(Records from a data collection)
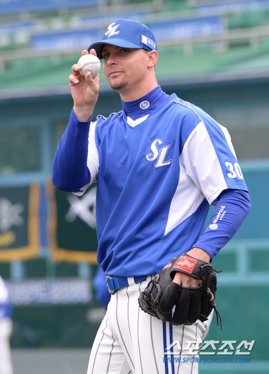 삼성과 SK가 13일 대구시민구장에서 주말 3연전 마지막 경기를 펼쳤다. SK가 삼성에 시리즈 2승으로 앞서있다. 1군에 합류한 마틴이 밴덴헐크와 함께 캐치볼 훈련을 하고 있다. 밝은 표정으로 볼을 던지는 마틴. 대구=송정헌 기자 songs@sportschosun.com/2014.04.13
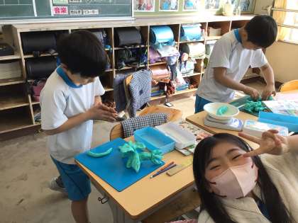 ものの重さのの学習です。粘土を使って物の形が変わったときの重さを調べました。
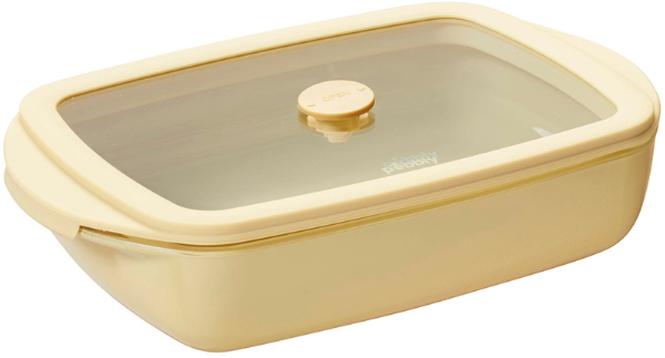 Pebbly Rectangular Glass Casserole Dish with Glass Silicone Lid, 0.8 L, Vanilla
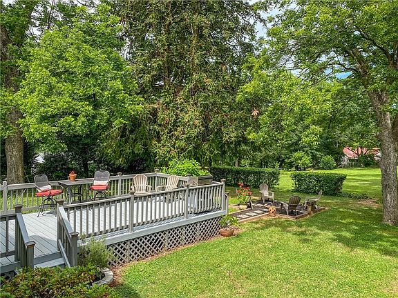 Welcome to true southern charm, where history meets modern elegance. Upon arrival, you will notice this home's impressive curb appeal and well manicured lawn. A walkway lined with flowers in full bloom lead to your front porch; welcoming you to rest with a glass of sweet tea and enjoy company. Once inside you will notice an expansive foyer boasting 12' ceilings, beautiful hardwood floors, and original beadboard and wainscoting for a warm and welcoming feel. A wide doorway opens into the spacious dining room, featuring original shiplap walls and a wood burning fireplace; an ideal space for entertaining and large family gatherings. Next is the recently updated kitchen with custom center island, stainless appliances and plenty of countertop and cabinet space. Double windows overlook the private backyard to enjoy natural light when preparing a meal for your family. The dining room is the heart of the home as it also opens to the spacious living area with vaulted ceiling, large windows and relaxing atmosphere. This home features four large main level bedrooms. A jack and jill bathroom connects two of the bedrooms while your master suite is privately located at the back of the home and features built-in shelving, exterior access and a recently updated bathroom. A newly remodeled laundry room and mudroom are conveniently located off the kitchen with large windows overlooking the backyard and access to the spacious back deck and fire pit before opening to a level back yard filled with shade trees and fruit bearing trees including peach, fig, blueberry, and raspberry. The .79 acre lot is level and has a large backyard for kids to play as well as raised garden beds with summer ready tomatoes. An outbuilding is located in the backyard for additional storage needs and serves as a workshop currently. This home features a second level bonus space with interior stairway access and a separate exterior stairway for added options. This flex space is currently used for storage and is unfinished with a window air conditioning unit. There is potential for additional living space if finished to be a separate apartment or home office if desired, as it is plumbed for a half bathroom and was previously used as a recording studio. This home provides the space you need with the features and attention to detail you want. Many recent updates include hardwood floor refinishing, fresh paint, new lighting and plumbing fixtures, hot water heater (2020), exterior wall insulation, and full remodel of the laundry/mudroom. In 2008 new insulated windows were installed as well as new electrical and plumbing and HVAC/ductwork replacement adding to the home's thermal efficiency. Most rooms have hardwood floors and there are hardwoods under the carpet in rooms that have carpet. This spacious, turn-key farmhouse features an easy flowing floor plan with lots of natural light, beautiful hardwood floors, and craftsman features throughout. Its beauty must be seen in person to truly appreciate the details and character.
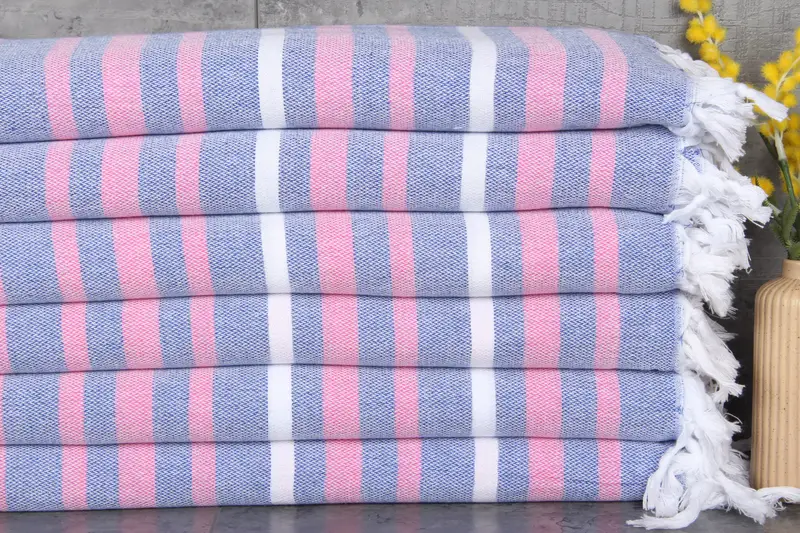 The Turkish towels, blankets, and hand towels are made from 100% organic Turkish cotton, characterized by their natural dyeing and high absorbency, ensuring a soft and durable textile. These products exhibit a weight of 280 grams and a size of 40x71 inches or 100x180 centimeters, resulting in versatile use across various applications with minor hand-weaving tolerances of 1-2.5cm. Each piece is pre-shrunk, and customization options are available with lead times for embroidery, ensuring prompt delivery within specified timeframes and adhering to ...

• TASK DIRECTIONS
Only the lines from the top of the records through the line with "Pebbly Rectangular Glass" belong in the copy; write them out exactly, leaving out pictures.

• EXPECTED OUTPUT
 삼성과 SK가 13일 대구시민구장에서 주말 3연전 마지막 경기를 펼쳤다. SK가 삼성에 시리즈 2승으로 앞서있다. 1군에 합류한 마틴이 밴덴헐크와 함께 캐치볼 훈련을 하고 있다. 밝은 표정으로 볼을 던지는 마틴. 대구=송정헌 기자 songs@sportschosun.com/2014.04.13
 ものの重さのの学習です。粘土を使って物の形が変わったときの重さを調べました。
 Pebbly Rectangular Glass Casserole Dish with Glass Silicone Lid, 0.8 L, Vanilla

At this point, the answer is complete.